### DATASET EXCERPTS
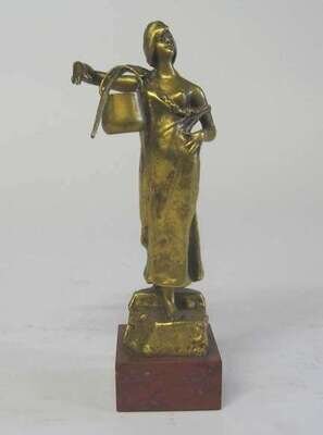 Gilt bronze, signed A. Moncel, with F. Barbedienne foundry mark, on a square rouge marble base.
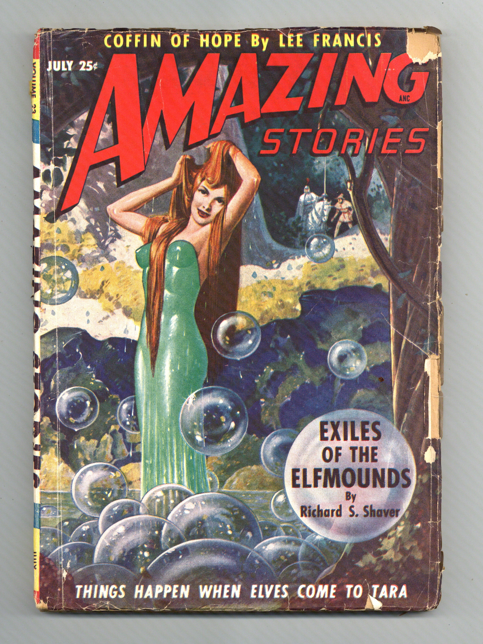 Volume 23, Issue 7 - July, 1949. Science fiction stories by Richard S. Shaver, Lee Francis, Cavid C. McGowan, Rog Phillips, Ruppert Carlin, Charles Recour, G.L. Cleggett, and Guy Archette. Illustrations by Murphy Anderson (2 stories), Edmond B. Swiatek, Rod Ruth, and Julian S. Krupa. Cover by Robert Gibson Jones. 7-in. x 10-in.; black and white; 148 newsprint pages. Cover price $0.25.
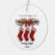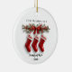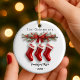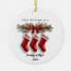 Celebrate your family’s first Christmas together with this adorable Family of 3 Stockings personalized ceramic ornament. Featuring three cute red stockings hanging from a rustic wooden branch adorned with greenery, berries, and little red bows, this design captures the warmth and joy of the holiday season. Each stocking represents a special family member and can be personalized with names to make it truly unique. Crafted with care and printed on high-quality ceramic, this ornament makes a heartfelt keepsake or a thoughtful gift for new families celebrating their first Christmas together.
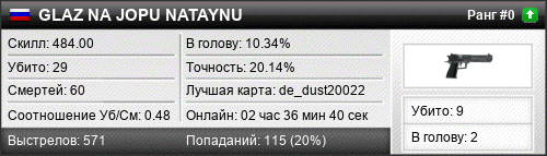 | de_dust20022 | 8 | 0.73 | 0.21 | 2 | 28 | 00:37:34 | 13.03.2017 | |
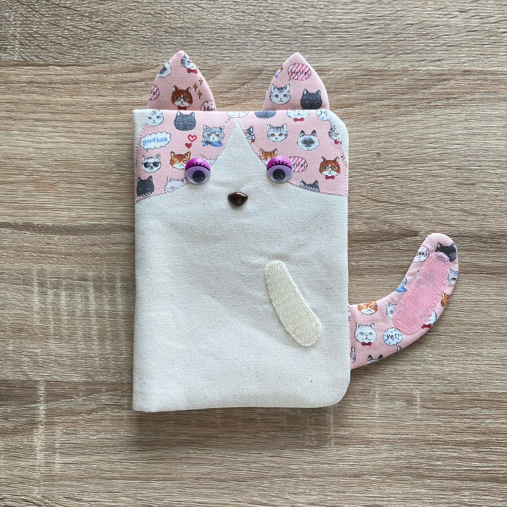 ネコの形のおくすり手帳ケースです。

### WHAT NEEDS TO BE DONE
What is needed is the listing above, repeated verbatim, without its images.

### YOUR RESPONSE
 Gilt bronze, signed A. Moncel, with F. Barbedienne foundry mark, on a square rouge marble base.
 Volume 23, Issue 7 - July, 1949. Science fiction stories by Richard S. Shaver, Lee Francis, Cavid C. McGowan, Rog Phillips, Ruppert Carlin, Charles Recour, G.L. Cleggett, and Guy Archette. Illustrations by Murphy Anderson (2 stories), Edmond B. Swiatek, Rod Ruth, and Julian S. Krupa. Cover by Robert Gibson Jones. 7-in. x 10-in.; black and white; 148 newsprint pages. Cover price $0.25.
 Celebrate your family’s first Christmas together with this adorable Family of 3 Stockings personalized ceramic ornament. Featuring three cute red stockings hanging from a rustic wooden branch adorned with greenery, berries, and little red bows, this design captures the warmth and joy of the holiday season. Each stocking represents a special family member and can be personalized with names to make it truly unique. Crafted with care and printed on high-quality ceramic, this ornament makes a heartfelt keepsake or a thoughtful gift for new families celebrating their first Christmas together.
 | de_dust20022 | 8 | 0.73 | 0.21 | 2 | 28 | 00:37:34 | 13.03.2017 | |
 ネコの形のおくすり手帳ケースです。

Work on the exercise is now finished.